Er ist wesentlicher Bestandteil für das Label, in jeder Hinsicht. Wo er nur kann, unterstützt er uns, sei es, indem er Bands mit auf Tour nimmt, Bands durch seine Social Media Kanäle fördert oder als A&R für uns tätig ist. Ich bin ihm unendlich dankbar dafür.
Trotzdem hoffe ich, dass wir mit den letzten Veröffentlichungen von Against Me, Skinny Lister oder To kill a King über diesen „Xtra Mile? Frank Turners Label, oder?“ raus sind und als eigenständiges Label wahrgenommen werden.

Ich glaube Frank ist auch verantwortlich für einige Platten die bei Euch rausgekommen sind. Zum Beispiel fand sich ein Song von Retrospective Soundtrack Players erst auf der B-Seite von Frank Turners Try this at home 7“ und später habt Ihr das Album rausgebracht. Teilt Frank seine Einschätzungen mit Euch und gibt Empfehlungen?

Auf jeden Fall macht er das.

War das einfach ein Zufallstreffer Retrospective Soundtrack Players unter Vertrag zu nehmen.
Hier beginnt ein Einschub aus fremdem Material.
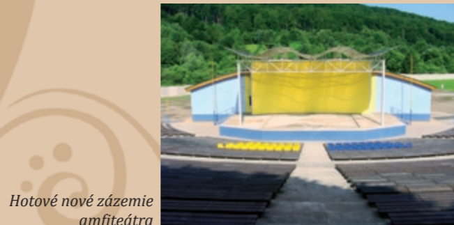
Hotové nové zázemie amfiteátra

Ich hatte davor noch nie von ihnen gehört. Du?

Nein, ich hätte sie nie kennengelernt, wenn Frank sie mir nicht vorgespielt hätte.

In Deutschland arbeitet Ihr mit Indigo als Vertrieb. Wie kommuniziert Ihr mit ihnen, da Ihr hier kein eigenes Büro habt. Und wie ist der Kontakt entstanden?

Wir haben einen Label Service Deal mit einer Firma namens Kartel und die finden für uns immer den besten Kanal, wie wir unsere Veröffentlichungen in Europa verteilen können. Die Kommunikation erfolgt dann meistens nur über Kartel, sobald ein Plan steht.

Was ist das genau für ein Service Deal, was kann ich mir darunter vorstellen?

Sie helfen uns die besten bzw. passendsten Vertriebe und Promotion Firmen zu finden. So können wir mit ihnen zusammen die Albumveröffentlichungen planen.

Warum sind einige Eurer Veröffentlichungen in Deutschland verfügbar (Mineral, Franz Nicolay, Reuben Re-Release) und andere eben nicht (Beans on Toast, Ben Marwood, RSP)?

Digital sollten alle Veröffentlichungen von uns in Deutschland verfügbar sein. Wir versuchen weltweit alle Platten digital am Veröffentlichungstag verfügbar zu machen. Danach schauen wir auf die einzelnen Länder und prüfen welche unsere Bands dort bereits einen gewissen Status erreicht haben. Wenn es für eine Band möglich ist, Headliner Club Shows zu spielen, folgt dann meistens ein physisches Release, wenn die Tour startet. Auch wenn das nicht immer so ist.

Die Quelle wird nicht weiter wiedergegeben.